» **What to produce**: An exact transcription of all the records below is required, without any images.
Segment Start: Record set
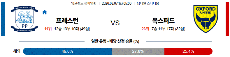 전술 구조와 경기 흐름, 그리고 역습 완성도까지 종합하면, 이번 경기는 프레스턴 승리 쪽으로 해석하는 것이 실전 베팅 관점에서도 보다 현실적인 선택으로 보인다.
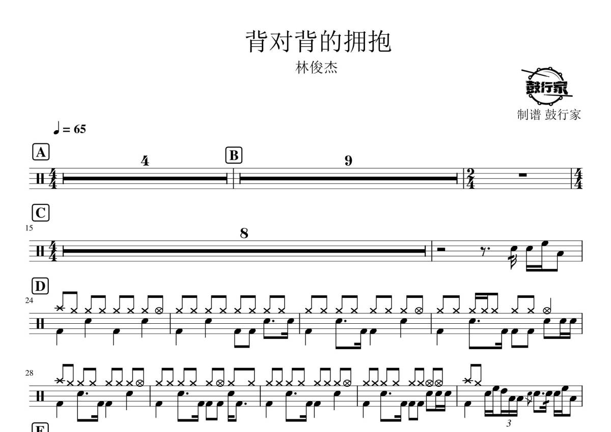 《背对背的拥抱》是林俊杰演唱的一首歌曲,拍号为4/4拍,歌曲速度为每分钟65拍,这份架子鼓谱共有一张高清图谱,图谱由 @鼓行家 编配上传,图谱使用五线谱编配,使用这份背对背的拥抱架子鼓谱,你将能够轻松地敲打出这首林俊杰的背对背的拥抱,快来尝试吧。
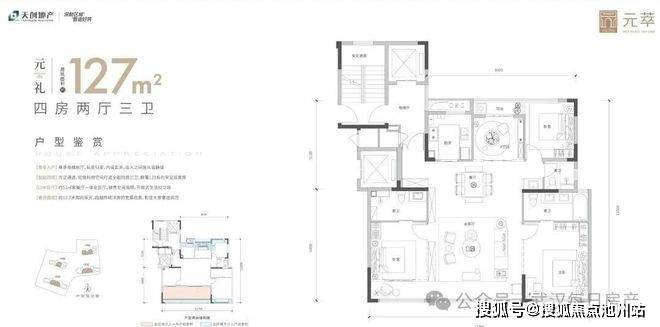 4栋楼中都有127平的户型,数量是目前已公示的三个户型中最多的,并且绝对面积不大,总价门槛会相对另外两个户型低一些,算是武昌下半年相对较少的小面积产品。
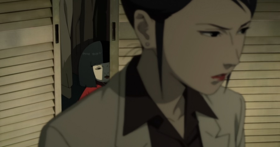 ในโลกความจริง อย่างที่บอกไปว่าการจัดโทนสีจะค่อนข้างจืดชืด แห้งแล้ง ดูไม่สดใสเท่าไหร่ แต่ไฮไลท์ของช็อตนี้ที่อยากให้สังเกตกันคือ เงา ด้านหนึ่งปกคลุมด้วยความมืดมิด (Osanai ยืนอยู่ฝั่งนี้) และอีกฝั่งแสงสว่างตัดกับเงามืด มีลักษณะเหมือนกรงขัง (Chiba ยืนฝั่งนี้)
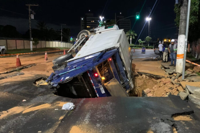 Na madrugada desta quarta-feira (11), um caminhão coletor de lixo foi engolido por uma cratera que se abriu na avenida Coronel Teixeira, no bairro Ponta Negra, Zona Oeste de Manaus. O incidente foi causado pelo rompimento de uma tubulação de grande porte, por volta de 1h, segundo informações da concessionária Águas de Manaus. Apesar da gravidade do ocorrido, não há registros de feridos.
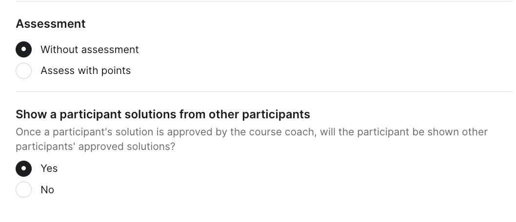 4. In the 'Settings' section, choose if you want to assess this assignment and add the maximum number of points a learner can be awarded for the task completion.
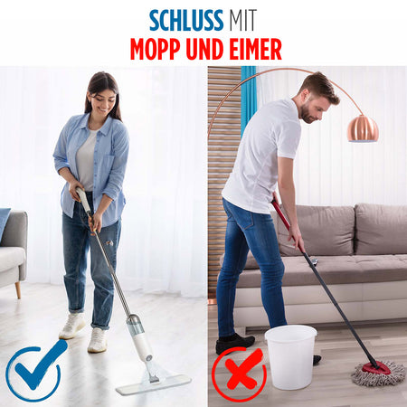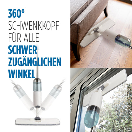 Der um 360° drehbare Reinigungskopf am Stiel erleichtert die Reinigung, so dass Sie jetzt auch die schwer zugänglichen und staubigsten Stellen in Ihrer Wohnung erreichen können. Sie können auch unter Stühlen, Betten, Sofas und anderen schwer zugänglichen Stellen reinigen, ohne die Möbel unnötig zu verschieben. Der Sprühwischer ist außerdem extrem leicht, einfach zu transportieren und für Ferienunterkünfte geeignet: Wohnungen, Ferienhäuser oder Wohnwagen.
Segment End: Record set
» **Written response**:
 전술 구조와 경기 흐름, 그리고 역습 완성도까지 종합하면, 이번 경기는 프레스턴 승리 쪽으로 해석하는 것이 실전 베팅 관점에서도 보다 현실적인 선택으로 보인다.
 《背对背的拥抱》是林俊杰演唱的一首歌曲,拍号为4/4拍,歌曲速度为每分钟65拍,这份架子鼓谱共有一张高清图谱,图谱由 @鼓行家 编配上传,图谱使用五线谱编配,使用这份背对背的拥抱架子鼓谱,你将能够轻松地敲打出这首林俊杰的背对背的拥抱,快来尝试吧。
 4栋楼中都有127平的户型,数量是目前已公示的三个户型中最多的,并且绝对面积不大,总价门槛会相对另外两个户型低一些,算是武昌下半年相对较少的小面积产品。
 ในโลกความจริง อย่างที่บอกไปว่าการจัดโทนสีจะค่อนข้างจืดชืด แห้งแล้ง ดูไม่สดใสเท่าไหร่ แต่ไฮไลท์ของช็อตนี้ที่อยากให้สังเกตกันคือ เงา ด้านหนึ่งปกคลุมด้วยความมืดมิด (Osanai ยืนอยู่ฝั่งนี้) และอีกฝั่งแสงสว่างตัดกับเงามืด มีลักษณะเหมือนกรงขัง (Chiba ยืนฝั่งนี้)
 Na madrugada desta quarta-feira (11), um caminhão coletor de lixo foi engolido por uma cratera que se abriu na avenida Coronel Teixeira, no bairro Ponta Negra, Zona Oeste de Manaus. O incidente foi causado pelo rompimento de uma tubulação de grande porte, por volta de 1h, segundo informações da concessionária Águas de Manaus. Apesar da gravidade do ocorrido, não há registros de feridos.
 4. In the 'Settings' section, choose if you want to assess this assignment and add the maximum number of points a learner can be awarded for the task completion.
 Der um 360° drehbare Reinigungskopf am Stiel erleichtert die Reinigung, so dass Sie jetzt auch die schwer zugänglichen und staubigsten Stellen in Ihrer Wohnung erreichen können. Sie können auch unter Stühlen, Betten, Sofas und anderen schwer zugänglichen Stellen reinigen, ohne die Möbel unnötig zu verschieben. Der Sprühwischer ist außerdem extrem leicht, einfach zu transportieren und für Ferienunterkünfte geeignet: Wohnungen, Ferienhäuser oder Wohnwagen.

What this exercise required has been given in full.